**EXERCISE INSTRUCTIONS:** Omit all images, then repeat exactly the lines below from the one containing "At the end of" through the one containing "Pędzel płaski przeznaczony", both ends included.

**DATA FOR ANALYSIS:**
====================

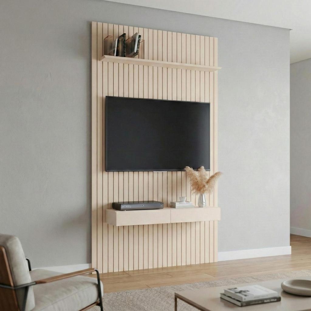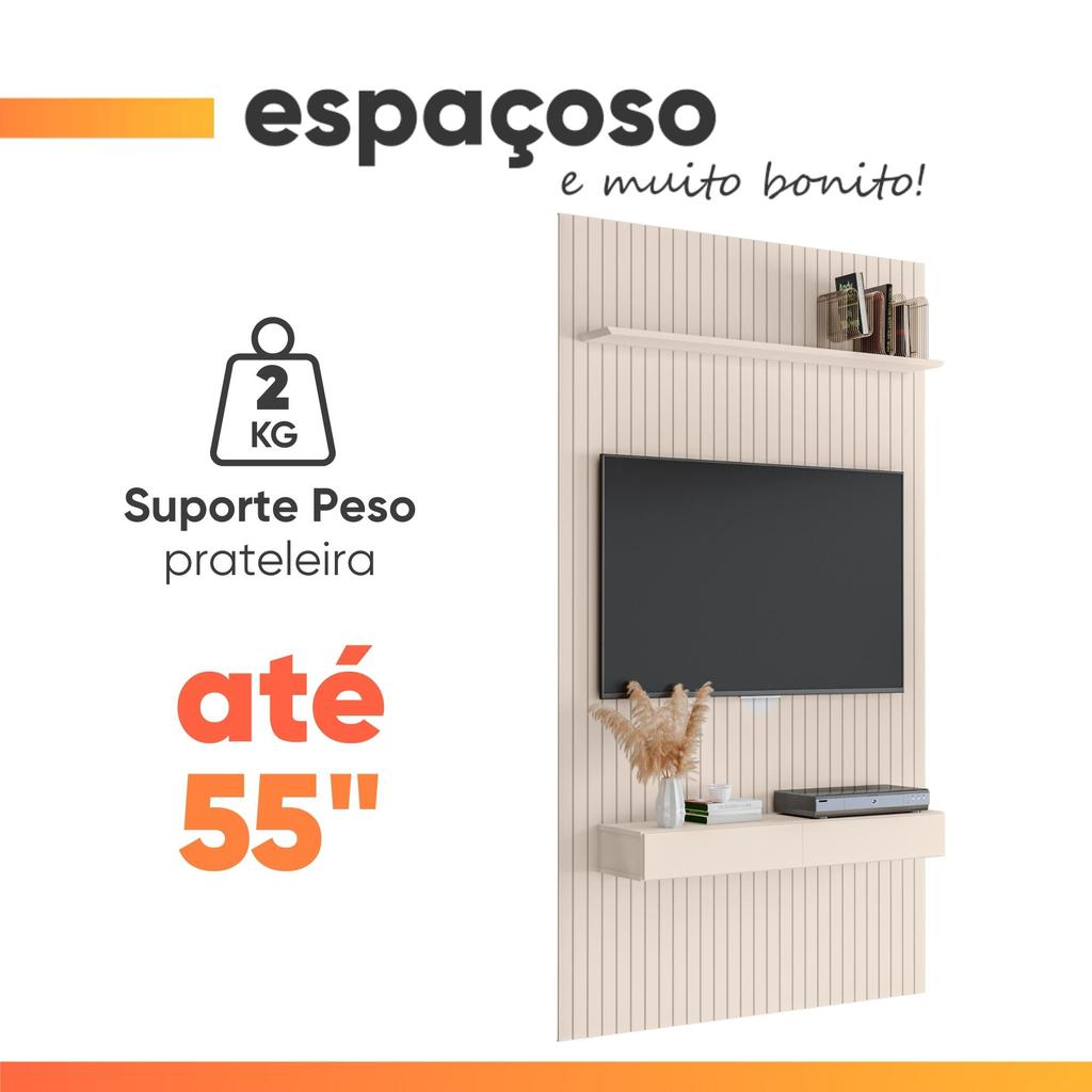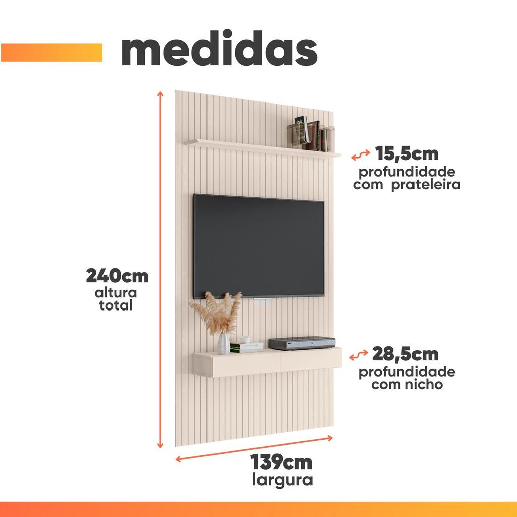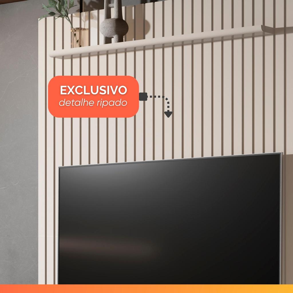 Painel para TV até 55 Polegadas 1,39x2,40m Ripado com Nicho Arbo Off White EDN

====================

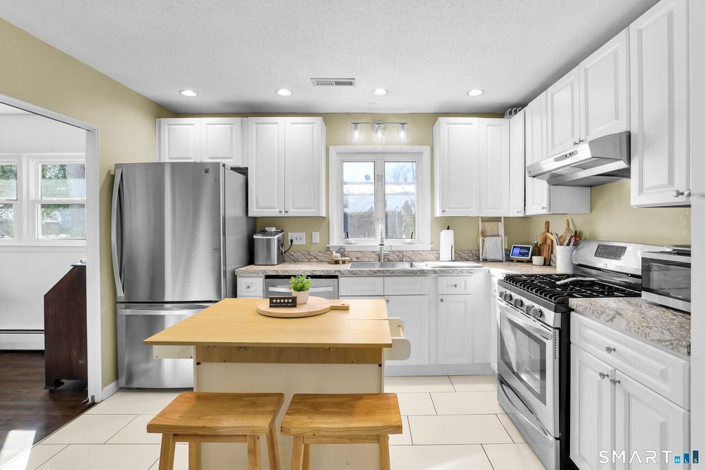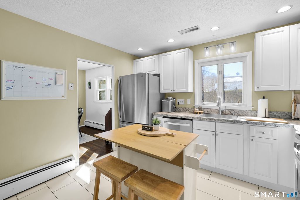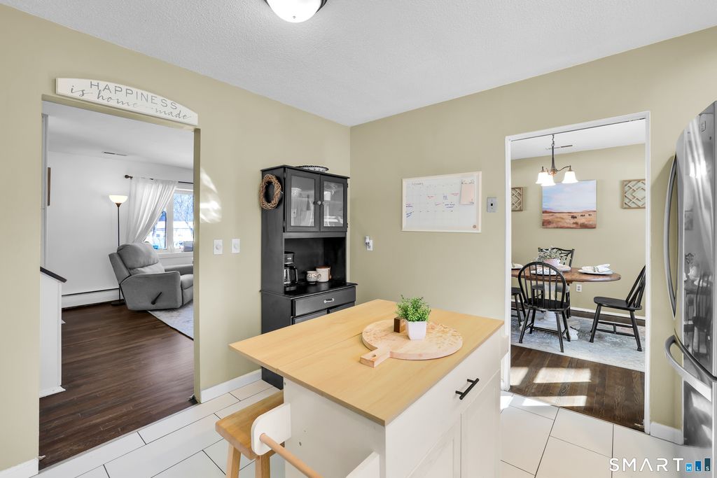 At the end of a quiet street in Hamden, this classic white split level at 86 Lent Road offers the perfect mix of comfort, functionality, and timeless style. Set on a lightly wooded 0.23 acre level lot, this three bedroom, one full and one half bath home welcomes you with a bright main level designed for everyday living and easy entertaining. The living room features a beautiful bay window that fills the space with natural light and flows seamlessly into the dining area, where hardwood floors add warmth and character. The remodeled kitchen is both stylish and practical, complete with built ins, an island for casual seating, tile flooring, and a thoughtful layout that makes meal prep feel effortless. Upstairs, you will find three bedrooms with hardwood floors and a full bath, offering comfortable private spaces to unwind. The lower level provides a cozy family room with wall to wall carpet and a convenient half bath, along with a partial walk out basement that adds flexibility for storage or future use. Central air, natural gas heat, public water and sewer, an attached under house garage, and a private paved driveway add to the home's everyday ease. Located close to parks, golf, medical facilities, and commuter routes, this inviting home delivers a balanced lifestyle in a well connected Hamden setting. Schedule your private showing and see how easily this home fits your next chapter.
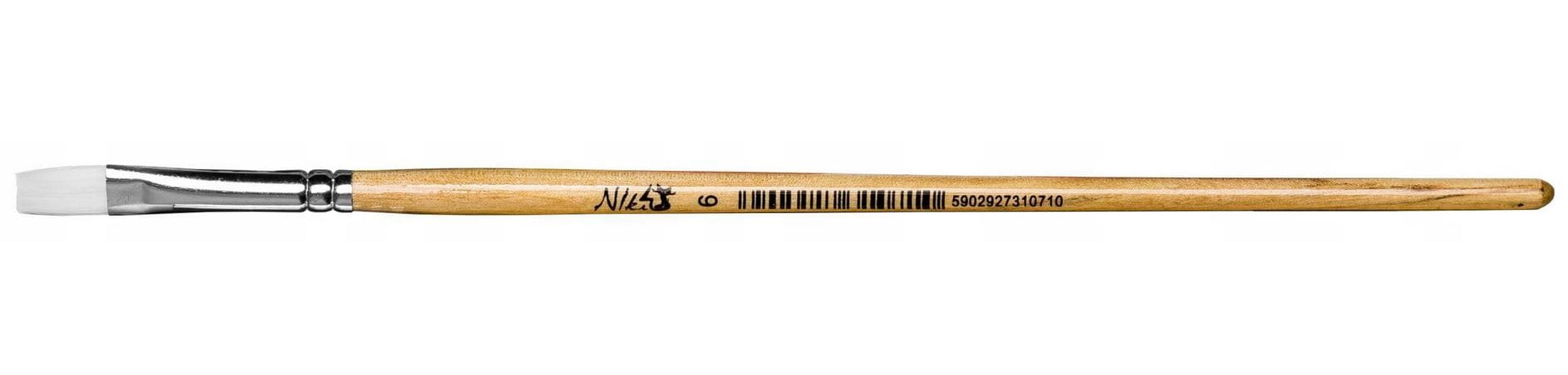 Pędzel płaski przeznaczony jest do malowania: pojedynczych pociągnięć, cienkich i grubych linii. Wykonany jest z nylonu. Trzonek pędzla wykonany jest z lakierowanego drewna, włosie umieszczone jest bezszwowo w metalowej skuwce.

====================

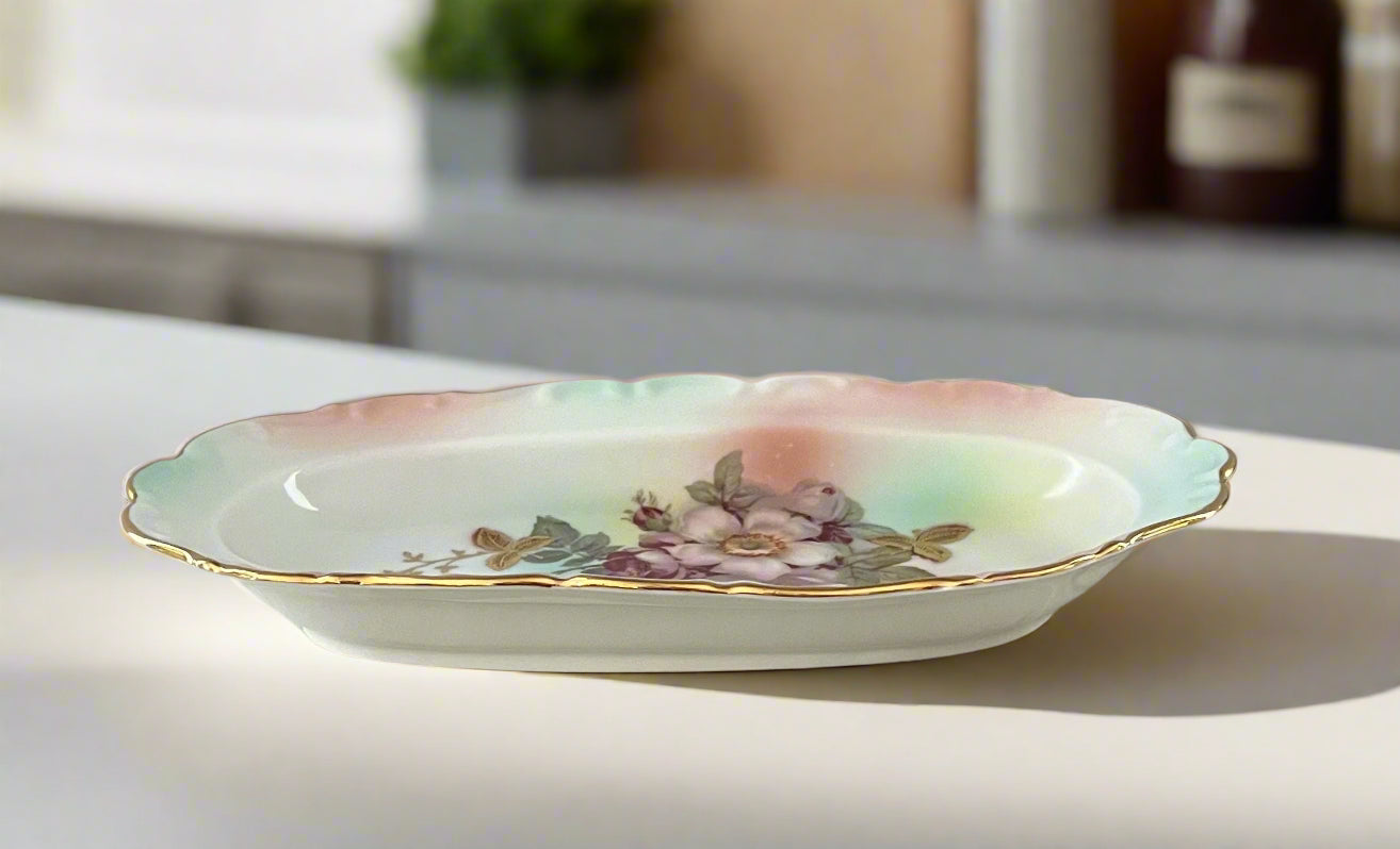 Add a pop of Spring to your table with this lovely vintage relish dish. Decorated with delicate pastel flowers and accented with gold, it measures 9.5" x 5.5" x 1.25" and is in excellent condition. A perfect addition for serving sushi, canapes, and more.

====================

**THE ANSWER:**
 At the end of a quiet street in Hamden, this classic white split level at 86 Lent Road offers the perfect mix of comfort, functionality, and timeless style. Set on a lightly wooded 0.23 acre level lot, this three bedroom, one full and one half bath home welcomes you with a bright main level designed for everyday living and easy entertaining. The living room features a beautiful bay window that fills the space with natural light and flows seamlessly into the dining area, where hardwood floors add warmth and character. The remodeled kitchen is both stylish and practical, complete with built ins, an island for casual seating, tile flooring, and a thoughtful layout that makes meal prep feel effortless. Upstairs, you will find three bedrooms with hardwood floors and a full bath, offering comfortable private spaces to unwind. The lower level provides a cozy family room with wall to wall carpet and a convenient half bath, along with a partial walk out basement that adds flexibility for storage or future use. Central air, natural gas heat, public water and sewer, an attached under house garage, and a private paved driveway add to the home's everyday ease. Located close to parks, golf, medical facilities, and commuter routes, this inviting home delivers a balanced lifestyle in a well connected Hamden setting. Schedule your private showing and see how easily this home fits your next chapter.
 Pędzel płaski przeznaczony jest do malowania: pojedynczych pociągnięć, cienkich i grubych linii. Wykonany jest z nylonu. Trzonek pędzla wykonany jest z lakierowanego drewna, włosie umieszczone jest bezszwowo w metalowej skuwce.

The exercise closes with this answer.